At the outset, Houston is a very flood-prone city. Houston lies on a flat plain near the ocean. The natural landscape is grassland that is drained by creeks called bayou. The city lies very close to the Gulf of Mexico, which gets very warm in the late summer, close to 87 degrees F! This warmth is transferred to the air keeping coastal areas warm and humid. The Gulf is an enormous heat and water factory. A key fact to understand is that for every one degree of temperature increase, an air mass can hold 3 % more moisture, so as the Gulf has warmed over recent years it contributes more energy and rain to hurricanes making them most intense and much wetter.

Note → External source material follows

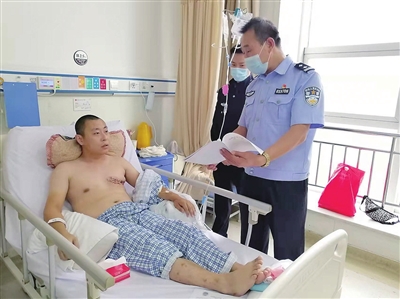25天前的晚上,张崇虎在街头抓捕一名偷盗手机的男子时,左胸心口、左腹部被捅伤,脖子、左手腕、左腿等处也被歹徒划伤。紧急送医后,大夫经过6个多小时的手术,才将他从死神手中抢救过来……

Houston might have been able to absorb this change in its natural state, but the city has grown very rapidly over the last two decades as industry has surged and jobs have been plentiful. The city prides itself on being business-friendly and as a result, it has no zoning, meaning that there are few limits on construction. A shopping mall or factory can be located right next to a housing development or a city park. As a result, the city has a massive amount of concrete, roads, parking lots, and rooftops with very little consideration paid to drainage. This contributed in a major way to flooding during Harvey as the photographs below testify. Harvey was a 1000-year event, meaning the levels of rainfall are only expected that rarely. But as it turns out, the storm was the third 500-year event in the last three years. So, it is clear that it is part of a new normal. After Harvey the city has started to make minor changes to the way it is developing requiring new homes in the floodplain to be built higher, but it still is resisting zoning measures that would keep homes out of flood-prone areas.

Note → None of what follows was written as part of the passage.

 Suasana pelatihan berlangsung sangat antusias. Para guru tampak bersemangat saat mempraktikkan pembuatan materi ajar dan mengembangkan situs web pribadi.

Hurricane Irma, September 2017
Irma arose rapidly in the tropical Atlantic and at one point it had sustained wind speeds of 185 mph. This storm intensified rapidly, which is a characteristic of a large hurricane, increasing by 45 mph in one day. hit the islands of Barbuda, Antigua, St Martin and St. Barthelemy and caused catastrophic damage in these locations. The island of Barbuda, in particular, was literally flattened. Irma next set her eyes on Cuba where it came ashore as a magnitude 5 storm with sustained winds of 160 mph and a massive storm surge. The storm led to collapsed buildings and flooding of coastal areas including the historic Malecón in Havana. Fortunately, Cuban authorities had evacuated close to a million people from low-lying areas.

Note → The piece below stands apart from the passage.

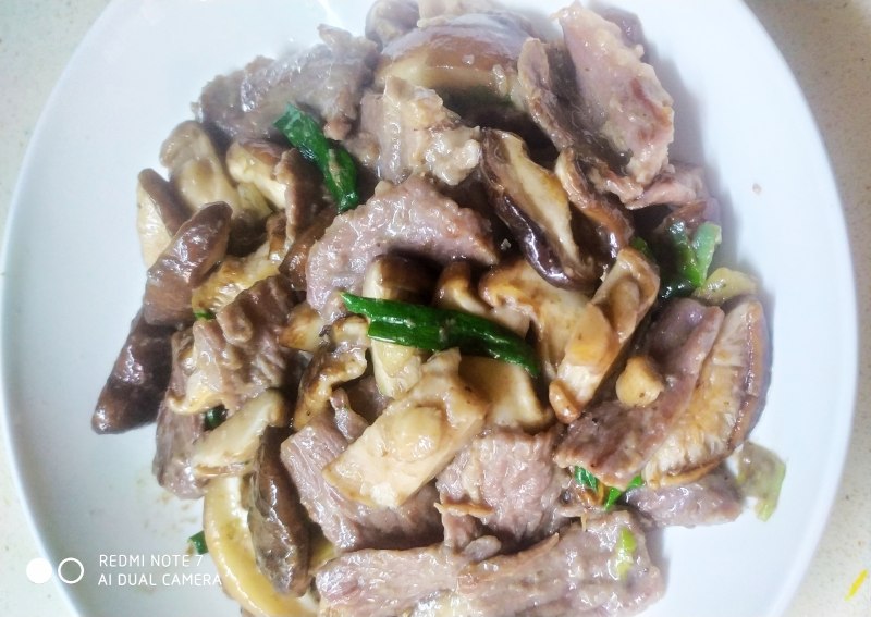 4:起油锅加入鲜香菇、盐翻炒片刻后加入肉丝再翻炒片刻

A few kilometers makes a major difference in the history of a hurricane and the landfall in Cuba, which was not initially predicted, weakened the storm significantly. Initial forecasts were for Irma to come ashore near Miami with wind speeds near 155 mph, but the storm tracked a little further to the west and made landfall in the Florida Keys with maximum winds of 130 mph, then again in Marco Island on the west coast of Florida with winds of 115 mph. As it turns out, there have been far larger storms in Florida including Hurricane Andrew in 1992, which flattened the Miami suburbs. But Irma was yet another reminder of how vulnerable the state is to storms. Much of the southern half of Florida is a natural swamp or marshland that originally looked like the Everglades National Park. But as in Houston, commercial interests, and in the case of Florida, the desire of citizens to own a small piece of paradise, have led to massive construction in the last decade, runaway development with insufficient environmental regulation. So, instead of swampland that served to absorb moisture and drain it back towards the ocean, large expanses of concrete funnel it into walls of water in cities and suburbs. Mangroves forest that previously protected the coast has been flattened. In fact, the Florida environment was destroyed a long time before this as the Army Corps of Engineers modified the natural drainage to provide water for the sugar industry.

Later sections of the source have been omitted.